After a tribute to General Warren ‘the first great martyr in this great cause,’ Mr. Webster proceeds:

“Veterans, you are the remnants of many a well-fought field. You bring with you marks of honor from Trenton and Monmouth, from Yorktown, Camden,. Bennington and Saratoga. Veterans of half a century, when in your youthful days you put everything at hazard in your country’s cause, good as that cause was, and sanguine as youth is, still your fondest hopes did not stretch onward to an hour like this. At a period to which you could not reasonably have expected to arrive, at a moment of national prosperity such as you could never have foreseen, you are now met here to enjoy the fellowship of old soldiers, and to receive the overflowings of an universal gratitude.

“But your agitated countenances and your heaving breasts inform me that even this is not an unmixed joy. I perceive that a tumult of contending feelings rushes upon you. The images of the dead, as well as the persons of the living, throng to your embraces. The scene overwhelms you, and I turn from it. May the Father of all mercies smile upon your declining years and bless them! And when you shall here have exchanged your embraces, when you shall once more have pressed the hands which have been so often extended to give succor in adversity, or grasped in the exultation of victory, then look abroad into this lovely land which your young valor defended, and mark the happiness with which it is filled; yea, look abroad into the whole earth, and see what a name you have contributed to give your country, and what a praise you have added to freedom, and then rejoice in the sympathy and gratitude which beam upon your last days from the improved condition of mankind!”

Not only were there war-scarred veterans present to listen entranced to the glowing periods of the inspired orator, but there was an eminent friend of America, a son of France, General Lafayette, who sat in a conspicuous seat and attracted the notice of all. To him the orator addressed himself in a manner no less impressive.

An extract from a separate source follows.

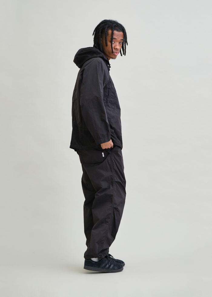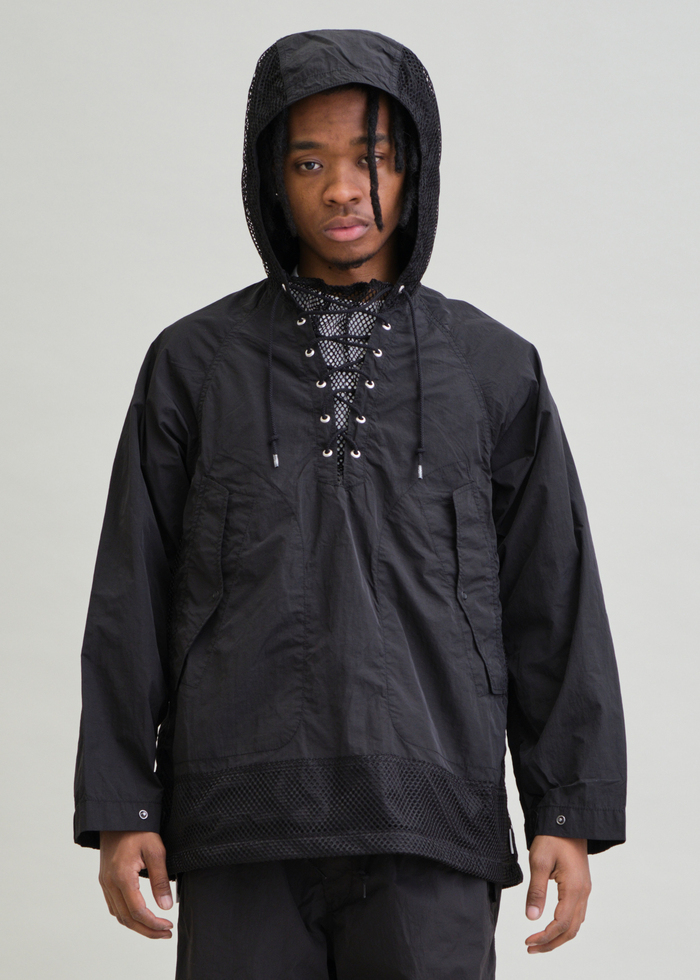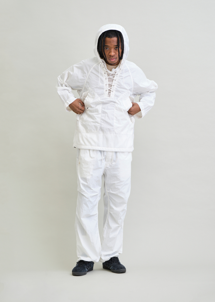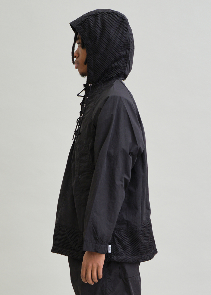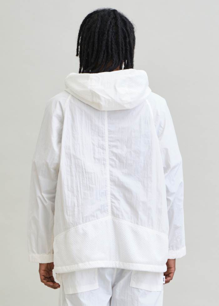 ブランドスタート以来展開し続けている、デッキパーカーを着想源にした人気アイテム。今季はハリと絶妙なシワ感を持つナイロンタイプライター生地を使用し、ドライなタッチで涼しく着られるプルオーバータイプに仕上げています。また、脇と身頃上部にはメッシュパネルを配し、通気性とデザイン性を両立。ゆったりとしたシルエットに、裾のドローコードでシルエット調整が可能です。軽快な着心地と素材の表情が際立つ、UNFRMらしい一着に仕上げています。

“Fortunate, fortunate man! with what measure of devotion will you not thank God for the circumstances of your extraordinary life! You are connected with both hemispheres, and with two generations. Heaven saw fit to ordain that the electric spark of liberty should be conducted, through you, from the New World to the Old; and we, who are now here to perform this duty of patriotism, have all of us long ago received it in charge from our fathers to cherish your name and your virtues. You will account it an instance of your good fortune, sir, that you crossed the seas to visit us at a time which enables you to be present at this solemnity. You now behold the field, the renown of which reached you in the heart of France, and caused a thrill in your ardent bosom; you see the lines of the little redoubt thrown up by the incredible diligence of Prescott, defended to the last extremity by his lion-hearted valor, and within which the corner-stone of our monument has now taken its position. You see where Warren fell, and where Parker, Gardner, McCleary, Moore and other early patriots fell with him. Those who survived that day, and whose lives have been prolonged to the present hour, are now around you. Some of them you have known in the trying scenes of the war. Behold! They now stretch forth their feeble arms to embrace you. Behold! They raise their trembling voices to invoke the blessing of God on you and yours forever.”

I should like to increase my quotations, but space will not permit. I have quoted enough to give my young readers an idea of this masterly address. When next they visit the hill where the monument stands complete, let them try to picture to themselves how it looked on that occasion when, from the platform where he stood Mr. Webster, with his clarion voice, facing the thousands who were seated before him on the rising hillside, and the other thousands who stood at the summit, spoke these eloquent words. Let them imagine the veteran soldiers, and the white-haired and venerable Lafayette, and they can better understand the effect which this address made on the eager and entranced listeners. They will not wonder at the tears which gathered in the eyes of the old soldiers as they bowed their heads to conceal their emotions. Surely there was no other man in America who could so admirably have improved the occasion.